WHAT THIS TASK INVOLVES: Below are entries with pictures in them. Output exactly the lines starting at the line with "나는 뭐 팀장 하고 싶어서 하냐.blindN" and ending at the line with "首先,程鹏志博士带领同学们参", both included, but not the pictures.

MATERIAL PROVIDED:

* * *

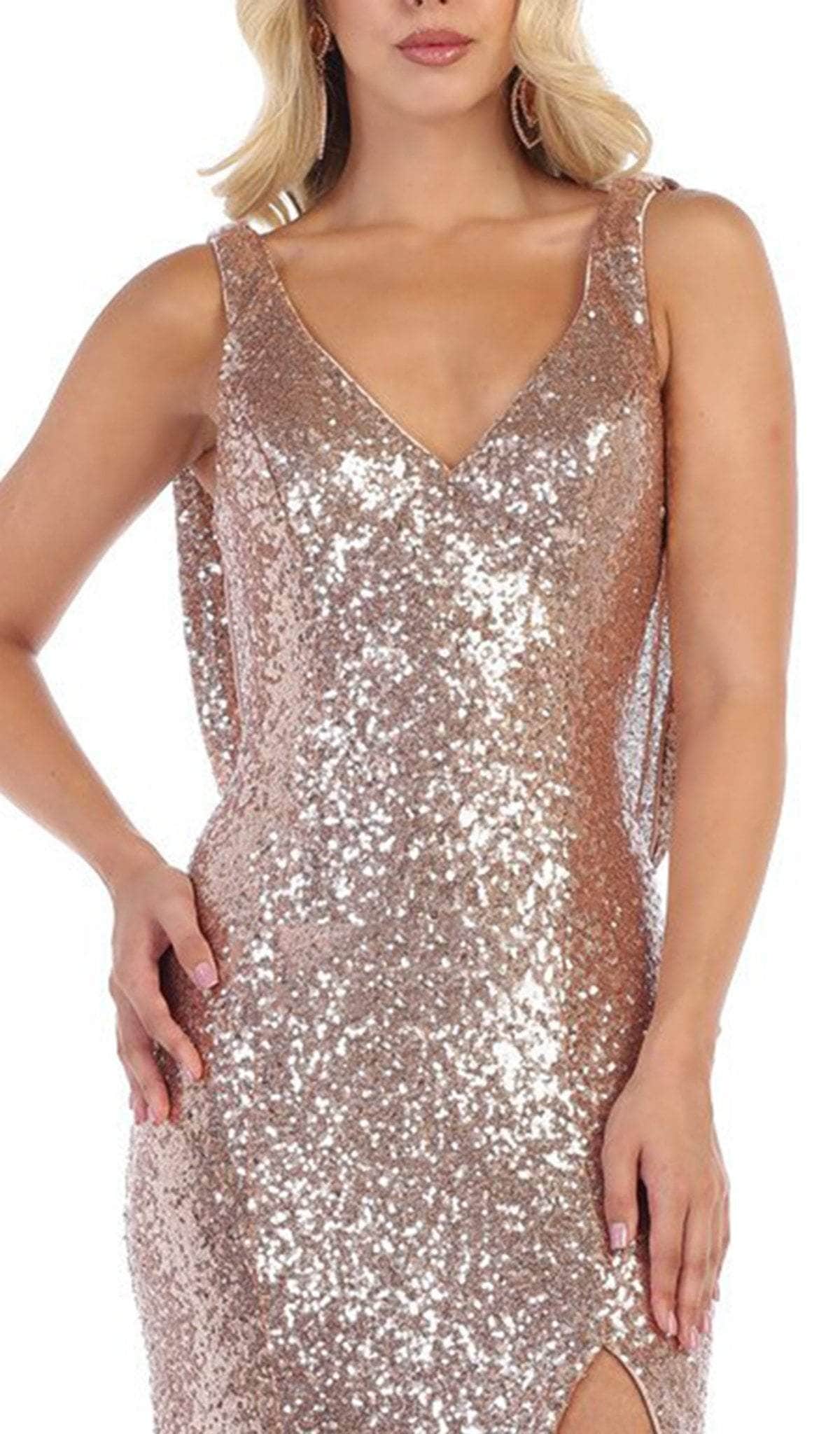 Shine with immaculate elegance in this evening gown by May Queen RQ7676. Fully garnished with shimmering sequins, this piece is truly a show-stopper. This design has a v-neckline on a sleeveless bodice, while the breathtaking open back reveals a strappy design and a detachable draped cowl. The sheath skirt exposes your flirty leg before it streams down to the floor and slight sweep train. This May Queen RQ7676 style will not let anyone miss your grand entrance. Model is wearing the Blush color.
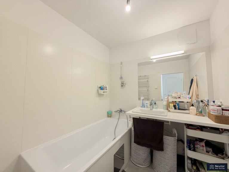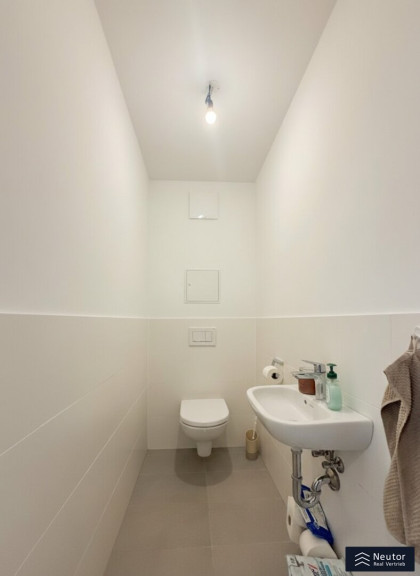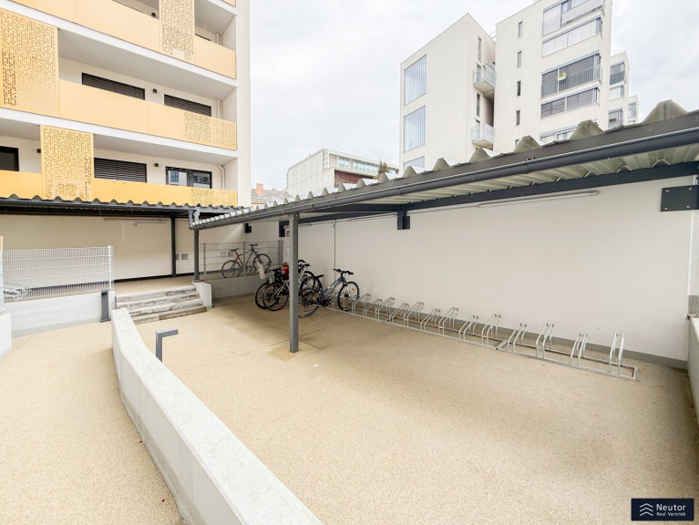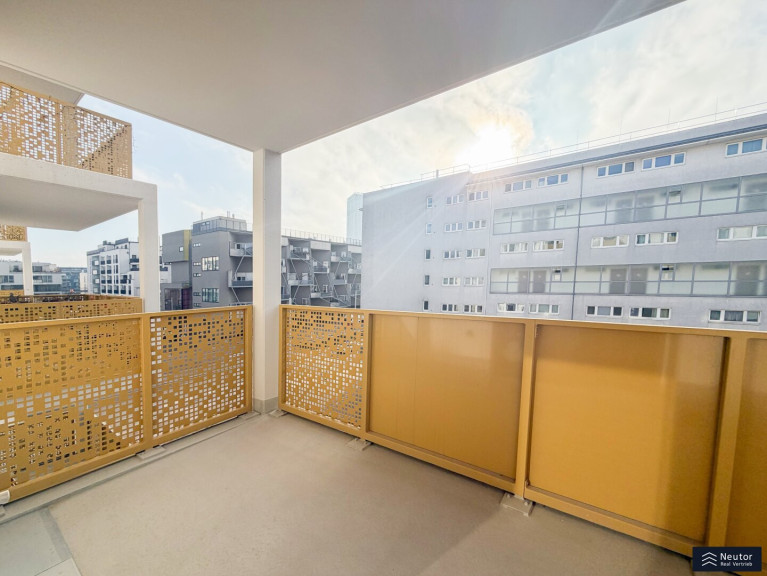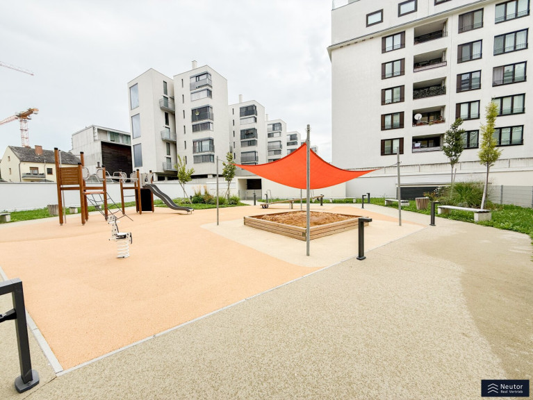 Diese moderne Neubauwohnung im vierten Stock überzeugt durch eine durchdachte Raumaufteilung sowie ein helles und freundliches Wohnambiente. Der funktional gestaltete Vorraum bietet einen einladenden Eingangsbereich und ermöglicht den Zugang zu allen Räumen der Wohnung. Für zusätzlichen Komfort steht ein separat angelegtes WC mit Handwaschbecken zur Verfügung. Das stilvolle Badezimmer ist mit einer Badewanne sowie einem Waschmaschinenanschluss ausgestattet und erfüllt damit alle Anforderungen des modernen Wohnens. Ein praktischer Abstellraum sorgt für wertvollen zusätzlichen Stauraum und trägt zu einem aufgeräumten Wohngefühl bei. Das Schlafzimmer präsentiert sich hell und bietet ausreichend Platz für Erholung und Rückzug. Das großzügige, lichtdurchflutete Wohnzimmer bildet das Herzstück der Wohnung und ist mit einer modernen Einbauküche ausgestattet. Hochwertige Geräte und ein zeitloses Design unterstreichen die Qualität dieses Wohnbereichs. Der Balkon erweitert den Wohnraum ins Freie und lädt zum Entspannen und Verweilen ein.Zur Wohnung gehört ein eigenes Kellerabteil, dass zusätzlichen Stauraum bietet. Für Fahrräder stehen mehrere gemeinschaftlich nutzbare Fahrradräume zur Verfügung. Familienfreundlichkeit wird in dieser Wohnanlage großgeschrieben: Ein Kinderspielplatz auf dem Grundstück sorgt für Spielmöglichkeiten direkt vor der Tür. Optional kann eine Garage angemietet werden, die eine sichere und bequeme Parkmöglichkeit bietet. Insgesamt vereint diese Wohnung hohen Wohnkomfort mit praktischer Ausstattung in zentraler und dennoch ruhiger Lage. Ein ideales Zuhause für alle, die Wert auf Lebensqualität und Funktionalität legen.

* * *

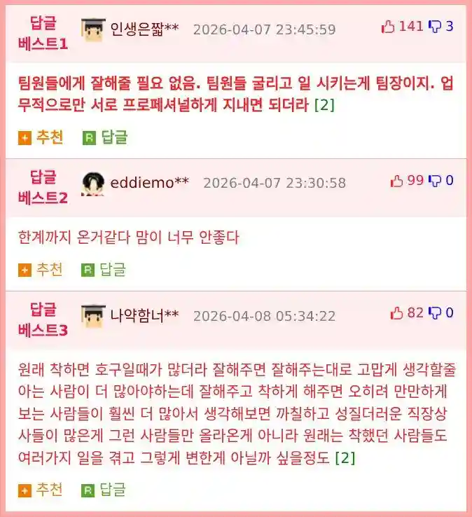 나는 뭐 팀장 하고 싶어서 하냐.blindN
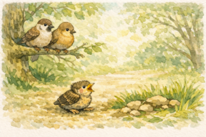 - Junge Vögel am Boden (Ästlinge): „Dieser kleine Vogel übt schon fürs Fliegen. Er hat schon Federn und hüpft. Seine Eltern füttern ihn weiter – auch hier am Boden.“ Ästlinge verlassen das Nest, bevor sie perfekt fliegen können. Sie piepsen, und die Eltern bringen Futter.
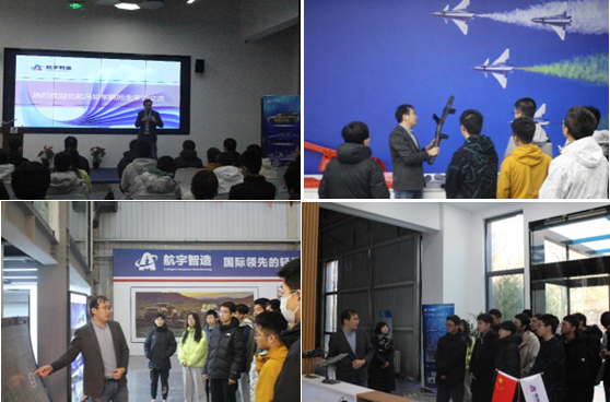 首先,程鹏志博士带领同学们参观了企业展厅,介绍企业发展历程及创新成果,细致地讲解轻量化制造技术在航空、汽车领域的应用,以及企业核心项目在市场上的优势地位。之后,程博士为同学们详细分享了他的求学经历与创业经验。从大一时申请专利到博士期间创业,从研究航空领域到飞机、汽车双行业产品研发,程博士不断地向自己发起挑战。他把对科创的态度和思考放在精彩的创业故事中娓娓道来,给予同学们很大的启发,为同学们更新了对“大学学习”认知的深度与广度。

* * *

SOLUTION BELOW:
 나는 뭐 팀장 하고 싶어서 하냐.blindN
 - Junge Vögel am Boden (Ästlinge): „Dieser kleine Vogel übt schon fürs Fliegen. Er hat schon Federn und hüpft. Seine Eltern füttern ihn weiter – auch hier am Boden.“ Ästlinge verlassen das Nest, bevor sie perfekt fliegen können. Sie piepsen, und die Eltern bringen Futter.
 首先,程鹏志博士带领同学们参观了企业展厅,介绍企业发展历程及创新成果,细致地讲解轻量化制造技术在航空、汽车领域的应用,以及企业核心项目在市场上的优势地位。之后,程博士为同学们详细分享了他的求学经历与创业经验。从大一时申请专利到博士期间创业,从研究航空领域到飞机、汽车双行业产品研发,程博士不断地向自己发起挑战。他把对科创的态度和思考放在精彩的创业故事中娓娓道来,给予同学们很大的启发,为同学们更新了对“大学学习”认知的深度与广度。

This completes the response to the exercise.